Quanah Gibson-Mount wrote:
Please test RE24 and report any issues. All known regressions are now believed fixed. Thanks!
All tests passed on OpenSUSE 10.3 x86-64.
test056 failed on Ubuntu 9.04 x86-64 on the connection output. Running again succeeded. Comparing the slapd.1.log files from the bad run to the good run, something very odd shows up:
In the good run, the conn=1 op=0 RESULT is logged earlier - at the time it should be:
@@ -417,12 +417,14 @@ send_ldap_result: err=0 matched="" text="" send_ldap_response: msgid=1 tag=97 err=0 ber_flush2: 14 bytes to sd 13 +conn=1 op=0 RESULT tag=97 err=0 text= +do_bind: v3 anonymous bind connection_get(13) connection_get(13): got connid=1 connection_read(13): checking for input on id=1 ber_get_next ber_get_next: tag 0x30 len 422 contents: -op tag 99, time 1246147222 +op tag 99, time 1246147432 ber_get_next conn=1 op=1 do_search ber_scanf fmt ({miiiib) ber:
In the failed run, the op=0 RESULT is logged much later, after op=2 was already handled:
@@ -470,15 +472,268 @@ connection_read(13): checking for input on id=1 ber_get_next ber_get_next: tag 0x30 len 5 contents: -op tag 66, time 1246147222 +op tag 66, time 1246147432 ber_get_next ber_get_next on fd 13 failed errno=0 (Success) conn=1 op=2 do_unbind conn=1 op=2 UNBIND -conn=1 op=0 RESULT tag=97 err=0 text= -do_bind: v3 anonymous bind connection_close: conn=1 sd=13 conn=1 fd=13 closed +slap_listener_activate(7): +>>> slap_listener(ldap://localhost:9011/) +conn=2 fd=13 ACCEPT from IP=127.0.0.1:38898 (IP=127.0.0.1:9011) +connection_get(13) +connection_get(13): got connid=2 +connection_read(13): checking for input on id=2 +ber_get_next +ber_get_next: tag 0x30 len 12 contents: +op tag 96, time 1246147432
So, the monitor output disagrees: --- testrun.X/ldapsearch.flt 2009-06-27 17:00:22.000000000 -0700 +++ testdata/monitor1.out 2009-04-27 15:50:11.000000000 -0700 @@ -2,9 +2,9 @@ structuralObjectClass: monitorConnection monitorConnectionProtocol: 3 monitorConnectionOpsReceived: 2 -monitorConnectionOpsExecuting: 2 +monitorConnectionOpsExecuting: 1 monitorConnectionOpsPending: 0 -monitorConnectionOpsCompleted: 0 +monitorConnectionOpsCompleted: 1 monitorConnectionGet: 2 monitorConnectionRead: 2 monitorConnectionWrite: 0
because op=0 is still outstanding when the op=1 search runs. In both cases, the actual result was sent to the client at the same time (see the ber_flush2 message), but after it succeeded something prevented it from making further progress. Which is pretty odd, because after that it just does a cond_signal and a mutex_unlock. After ber_free_buf() it just gets a mutex on its counters so it can increment a couple items, but that should be a freebie now since each operation has its per-thread counter structure. I guess it's possible that the malloc library is locking us along the way, or even the stdio library.

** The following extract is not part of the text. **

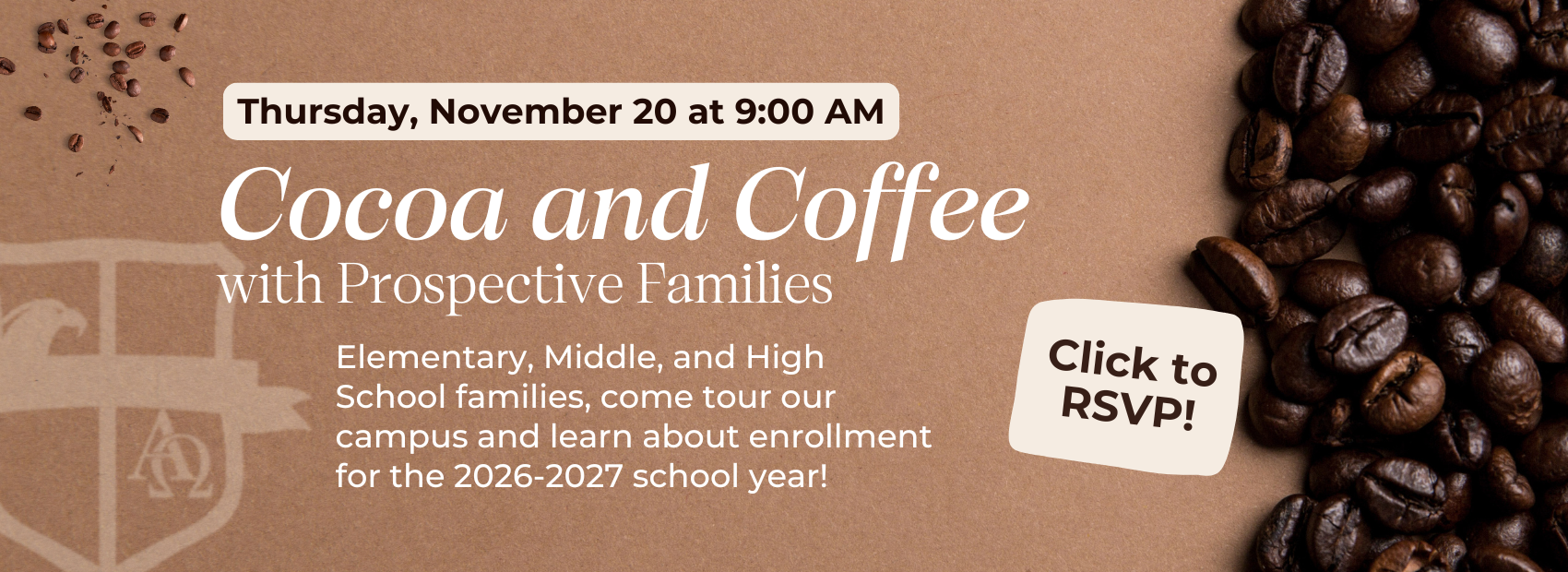 November 20, 2025 at 9:00 am - Cocoa and Coffee with Prospective Families

Not sure if this is identical to ITS#5966, it doesn't seem like it. It also doesn't seem like something we should hold the release for; the monitor output is correct even if it's not what we expected to see.
Alternatively, we might consider moving the reset
if ( op->o_conn->c_conn_state == SLAP_C_BINDING ) op->o_conn->c_conn_state = SLAP_C_ACTIVE;
from connection_bind_cb() to connection_bind_cleanup_cb(), to prevent ops from getting dequeued until we're really free and clear.